At the line containing "All Table Covers", begin setting down the entries exactly, and stop only after the last line.

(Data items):

··········

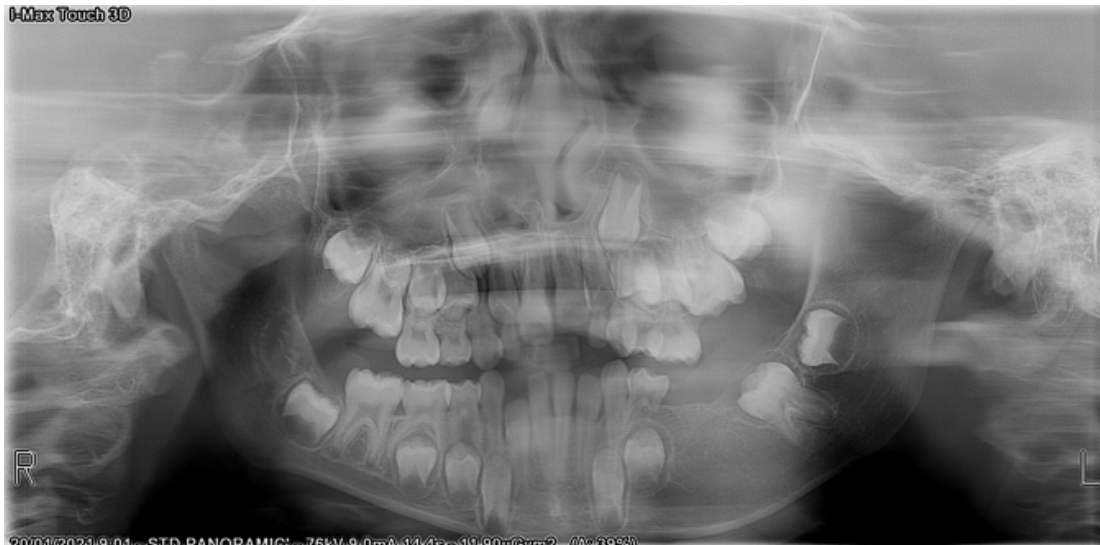
Figure 4. The same patient as in Figure 1, 28 months after surgery. Satisfactory bone filling is observed.

Patients underwent orthodontic treatment without incident and facial symmetry was satisfactorily restored. None of the patients required further surgery.
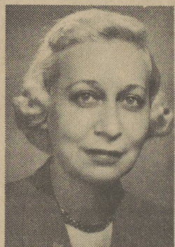
LUZERNE COUNTY COMMISSIONER ETHEL A. PRICE
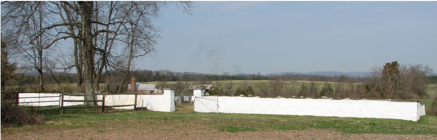
Leidy/Leidichs/Leydig/Leidig Burial Ground (photos 2013)

“This burial ground is located near the southeast corner of Upper Frederick township, Montgomery County, about one mile south-east from Keelor’s Church at Obelisk. It is not on a public road but is located in a field over the crest of a hill about 2/10 of a mile off a paved road called ‘Keyser Road’ on the Montgomery County map. It is reached over a grass-driveway along the edge of a field. . . . “In addition to the burials listed in this article, there is another printed list of epitaphs copied by George S. Nyce and printed in [The] Perkiomen Region, Past and Present , [Vol. 1, No. 2, Henry S. Dotterer, Editor] in [October] 1894, pages 8, 29, and 54. This lists only about 50 gravestones, whereas there are today still approximately 100 stones with readable inscriptions. . . . “The numbers on the list that follows correspond to the numbers used in the earlier lists . . . . Row one begins at the westernmost corner and the listings are going from left to right.” [Leydig-Leidig Burial Ground compiled by Raymond E. Hollenbach, Royersford, PA, September 1969.] Gravestone inscription below translated from this source.
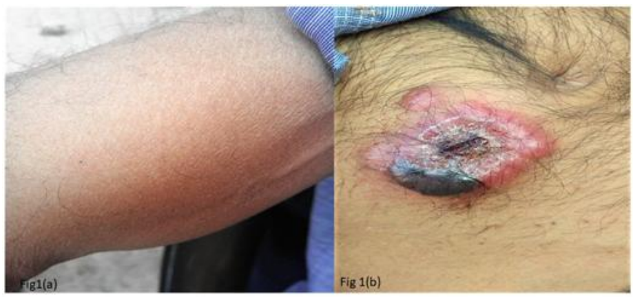
Fig-1(a&b): Swelling over right arm and Ulcerated painful erythematous nodule over abdomen near umbilicus.
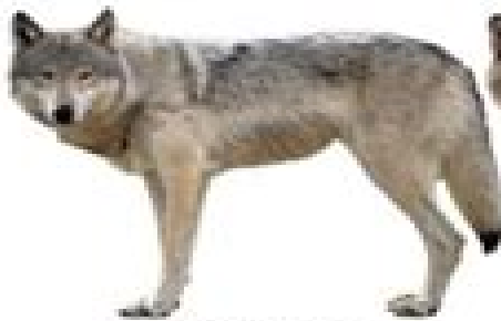
Northwestern Wolf Canis lupus occidentalis , 86
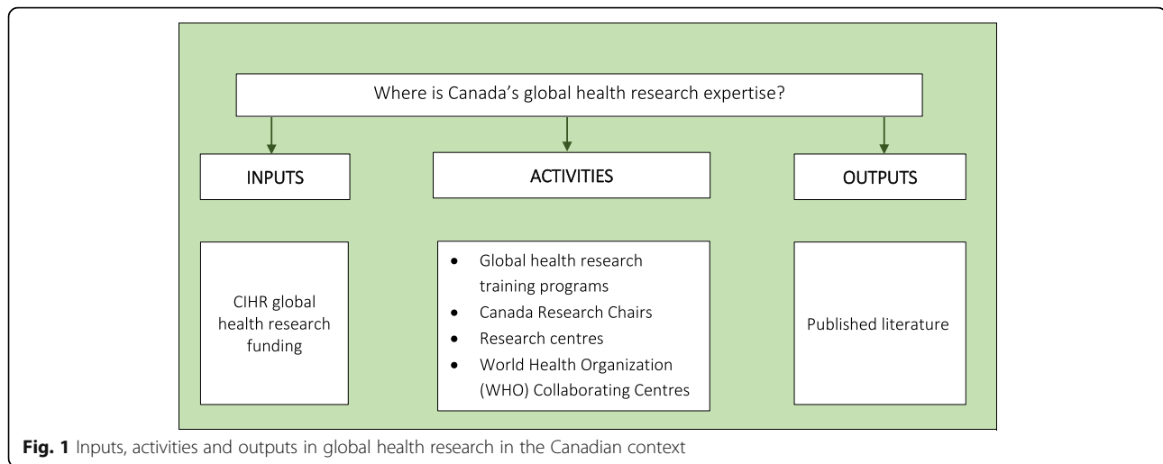
Fig. 1 Inputs, activities and outputs in global health research in the Canadian context

additional supplementary search whereby we sought out the 'Research' tab in the site navigation area of each university's website. This tab led to webpages that listed all research centres hosted by the university. We reviewed the lists available on these web pages to identify centres that conducted global health research. WHO Collaborating Centres are institutions or groups that conduct activities in support of WHO's various initiatives [18]. Designated by WHO's Director-General, Collaborating Centres can often partake in activities like research, training and education, advising WHO staff on specific topics, and collecting and collating information and resources [18]. We searched the WHO Collaborating Centres Database for information on the title of the centre, the designated parent institution (i.e. usually a university), the subjects of focus and the types of activities conducted [18, 19]. This information allowed us to understand which Canadian universities were involved and in what capacity, including which subject areas and what types of activities.
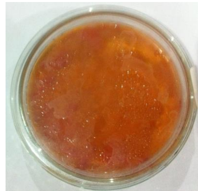
Figure 1. Bacterial growth on MacConkey medium with 3% diesel oil + 0.9 % salt

Bacteria which grew on nutrient agar (NA) with 1-5 % diesel oil (with or without salt) were transferred into MacConkey agar with 3% diesel oil + 0.9% salt. MacConkey agar is based on the bile salt-neutral red-lactose agar developed by MacConkey, and it is recommended for detection and isolation of Gram-negative bacteria. During fermentation of lactose, local pH dropped around the colony causing a color change to neutral red and followed by bile precipitation. Bile salts mixture and crystal violet inhibited Gram-positive cocci, thus serves as selective agents that only allows Gram-negative bacteria to grow (Figure 1). The bacteria grew on this medium was picked individually and grown on KIA slant media.
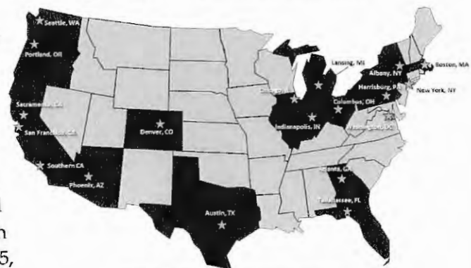
HMA OFFICES ACROSS THE COUNTRY

HMA is a private, for-profit "C" corporation, incorporated in the State of Michigan in good standing and legally doing business as Health Management Associates, Inc. Founded in 1985, Health Management Associates has offices
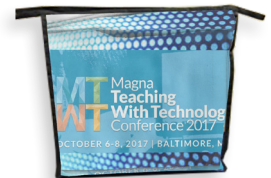
All Table Covers Come In A Clear PVC Zipper Bag At No Additional Charge

Full Color Sublimation Screen Setup Charge: 55.00 (G). Price Includes: all over full color dye sublimation imprint. Email Proof: 7.50 (G), add 2 days to production time. Repeat Setup: 40.00 (G). Production Time: 7 days. Material: 300D Polyester. Packaging: Clear Zipper Bag. Weight: 6 Foot: 2-3/4 lbs each, 8' Foot: 3-1/2 lbs each

··········

(Task solution):
All Table Covers Come In A Clear PVC Zipper Bag At No Additional Charge

Full Color Sublimation Screen Setup Charge: 55.00 (G). Price Includes: all over full color dye sublimation imprint. Email Proof: 7.50 (G), add 2 days to production time. Repeat Setup: 40.00 (G). Production Time: 7 days. Material: 300D Polyester. Packaging: Clear Zipper Bag. Weight: 6 Foot: 2-3/4 lbs each, 8' Foot: 3-1/2 lbs each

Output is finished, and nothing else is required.